# One Piece Episode Download



## Daidude (Dec 14, 2010)

Does anyone know where I can download One Piece episodes for free that I could put on my DSTWO Iplayer plugin? And I would prefer the eps in english but I wouldn't mind subs.


----------



## Kickstarts (Dec 14, 2010)

Daidude said:
			
		

> Does anyone know where I can download One Piece episodes for free that I could put on my DSTWO Iplayer plugin? And I would prefer the eps in english but I wouldn't mind subs.

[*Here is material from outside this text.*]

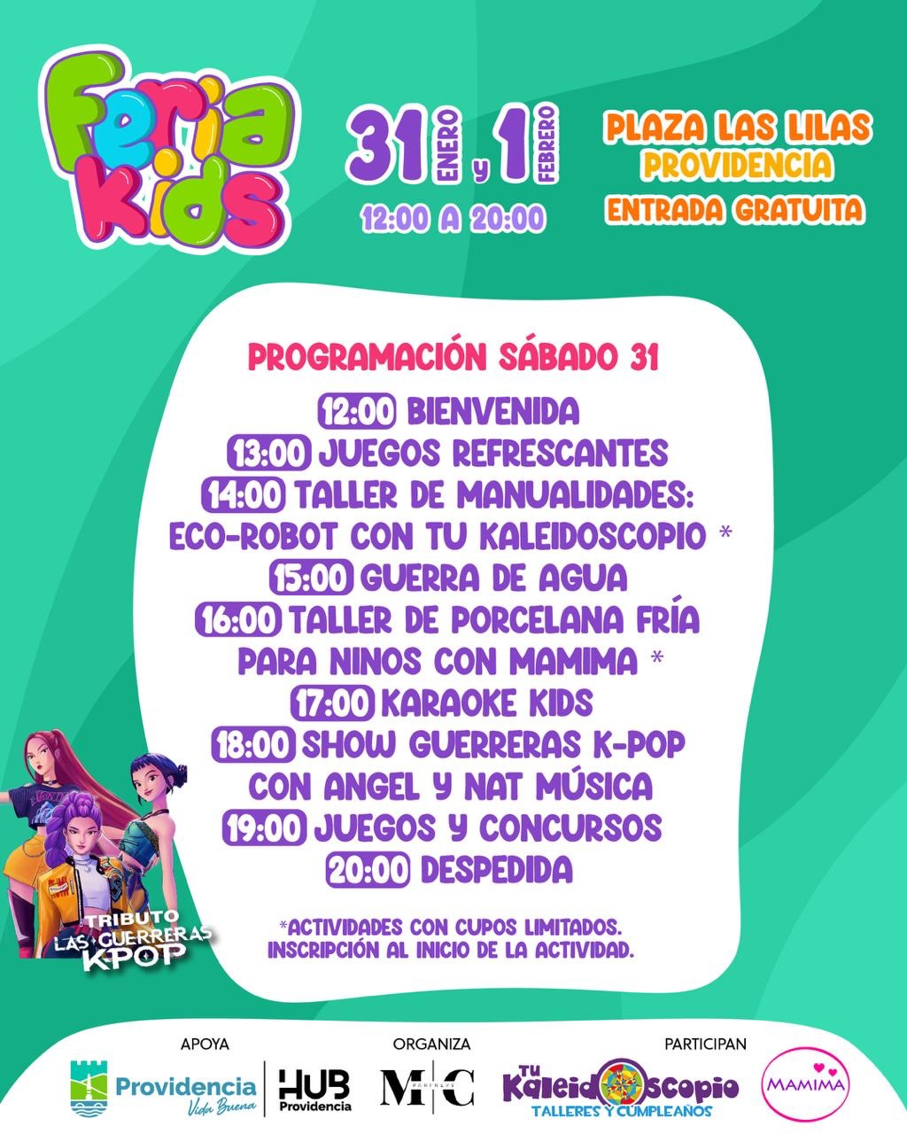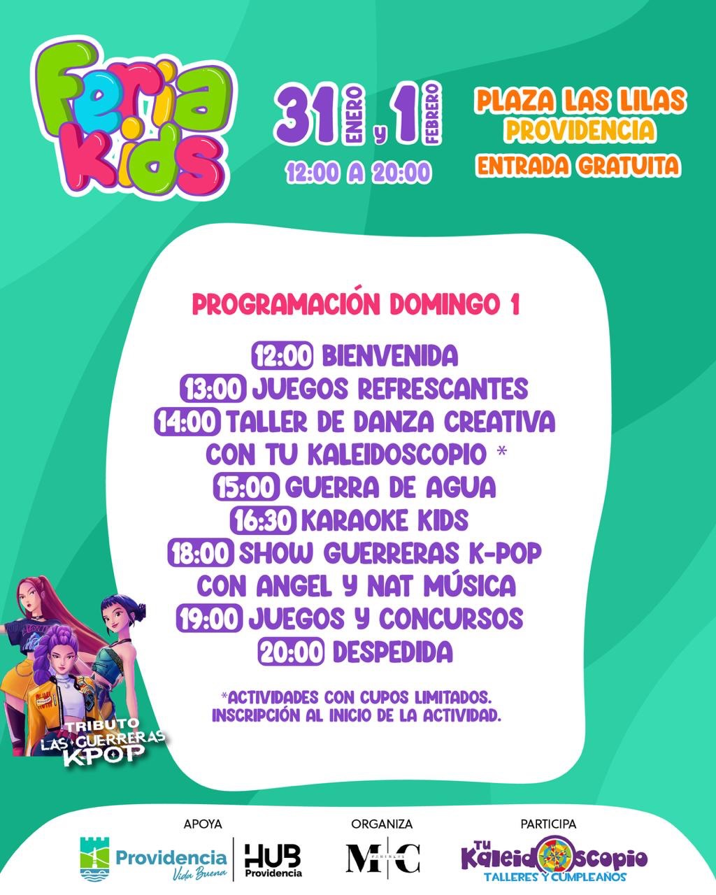 La Feria Kids Providencia se realizará los días 31 de enero y 1 de febrero en la Plaza Las Lilas, entre las 12:00 y las 20:00 horas

I'm really wondering if anyone bothers reading rules anymore.
But yeah, you shouldn't be asking these questions on this forum.


----------



## Daidude (Dec 14, 2010)

Kickstarts said:
			
		

> Daidude said:
> 
> 
> 
> ...



ohh sorry but on ask Gbatemp there wasn't a category that I found really suitable for this question.


----------



## Kickstarts (Dec 14, 2010)

Daidude said:
			
		

> Kickstarts said:
> 
> 
> 
> ...


I'll let you find out, it's funnier that way. I think it's pretty clear, though.

And, it's not suitable because it's not allowed on the forum. Obviously.


----------



## Daidude (Dec 14, 2010)

Well then, if I am rule breaking can someone close this thread.


----------



## raulpica (Dec 14, 2010)

Closed, as it's against the rules.


----------